- TASK TO CARRY OUT -
No pictures should appear in the copy. Reproduce exactly the lines from the one containing "On April 29th, we" through the end of the material below.

- DATASET SECTION -
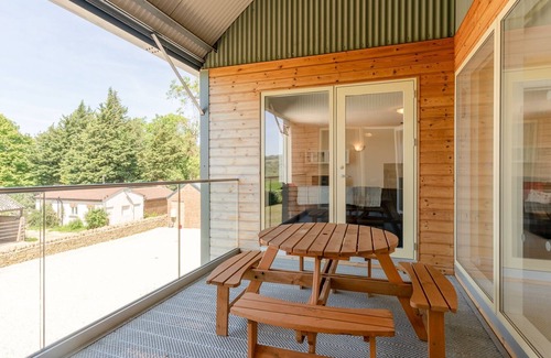 This reverse-living holiday home has two double bedrooms and a family bathroom on the ground floor, plus a handy utility room. On the first floor is the kitchen-dining room - with access to the covered balcony through French windows - a living room with a woodburning stove, and two spacious ensuite double bedrooms (each can be made up as a super-king size double or twin). All the rooms have floor-to-ceiling windows, making this a light and bright retreat with a lovely view from every room. The bedroom flexibility, space and modern conveniences make this a great base for walkers, an extended family, a wedding group or a friends' get-together.
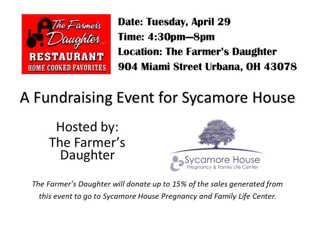 On April 29th, we enjoyed a home-cooked meal and percentage did go back to Sycamore House. The Farmer’s Daughter opened up on Tuesday evening just for the fundraising event! We had a great attendance and brought in almost $900 which included donations given to us by putting Blessing in a Bottle baby bottles on the tables. We thank God for all your support and joining us that evening!
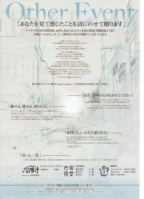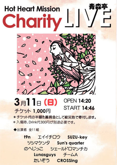 Hot Heart Mission チャリティー LIVE PLACE 青森市 郷土芸能館 青森亭 OPEN 14:20 START 14:46 PAY \1000 (内半分は東日本大震災義援金になります) ※ 当日ドリンク代¥300別途必要です ACT t9n エイイチロウ SUZU-key ツシマケンタ Sun's quarteter のへじっこ シュールドロマンチカ Lunasguys チームA たいぞう CROSSING
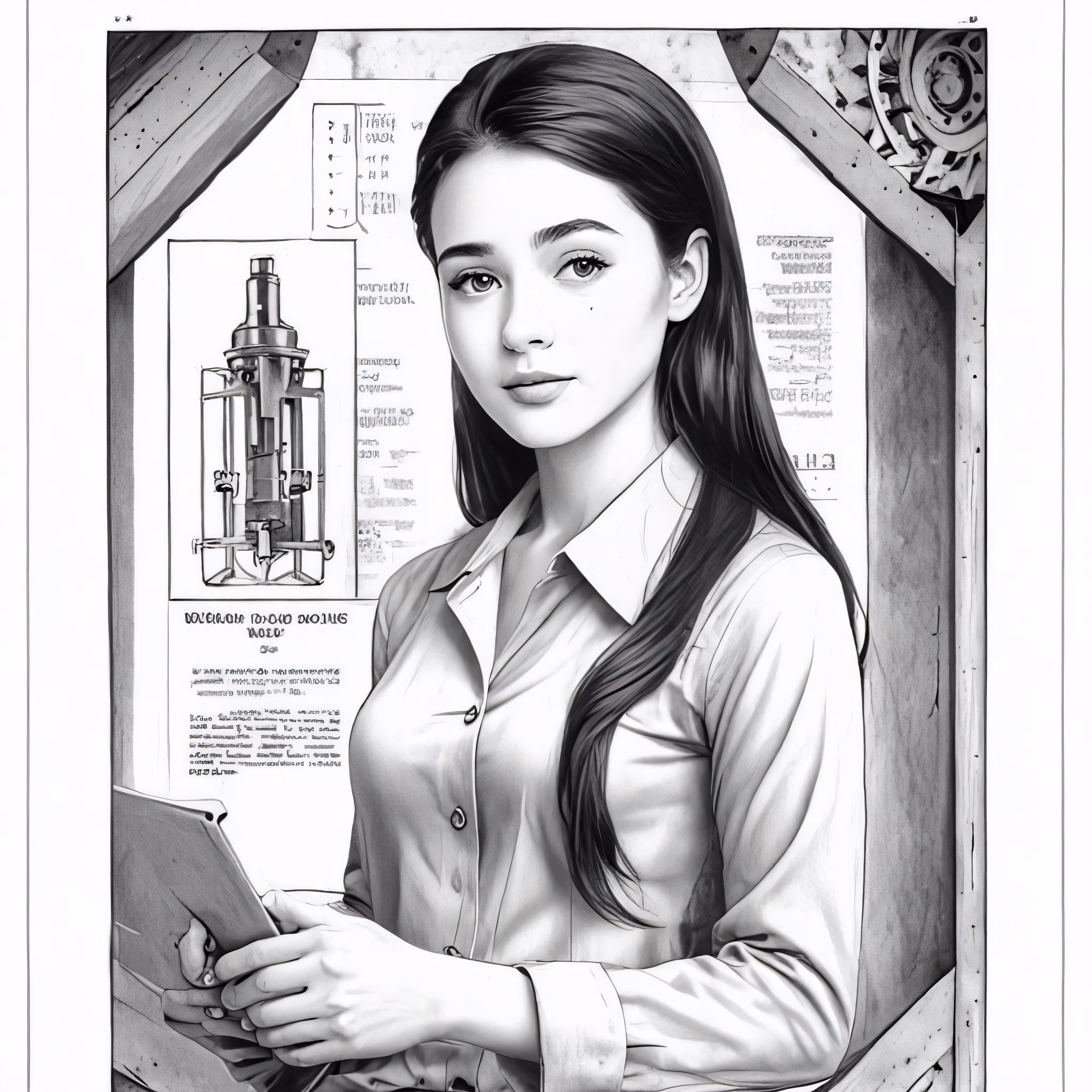 High resolution picture, free to use, a drawing of a girl holding a clipboard

- WRITTEN REPLY -
 On April 29th, we enjoyed a home-cooked meal and percentage did go back to Sycamore House. The Farmer’s Daughter opened up on Tuesday evening just for the fundraising event! We had a great attendance and brought in almost $900 which included donations given to us by putting Blessing in a Bottle baby bottles on the tables. We thank God for all your support and joining us that evening!
 Hot Heart Mission チャリティー LIVE PLACE 青森市 郷土芸能館 青森亭 OPEN 14:20 START 14:46 PAY \1000 (内半分は東日本大震災義援金になります) ※ 当日ドリンク代¥300別途必要です ACT t9n エイイチロウ SUZU-key ツシマケンタ Sun's quarteter のへじっこ シュールドロマンチカ Lunasguys チームA たいぞう CROSSING
 High resolution picture, free to use, a drawing of a girl holding a clipboard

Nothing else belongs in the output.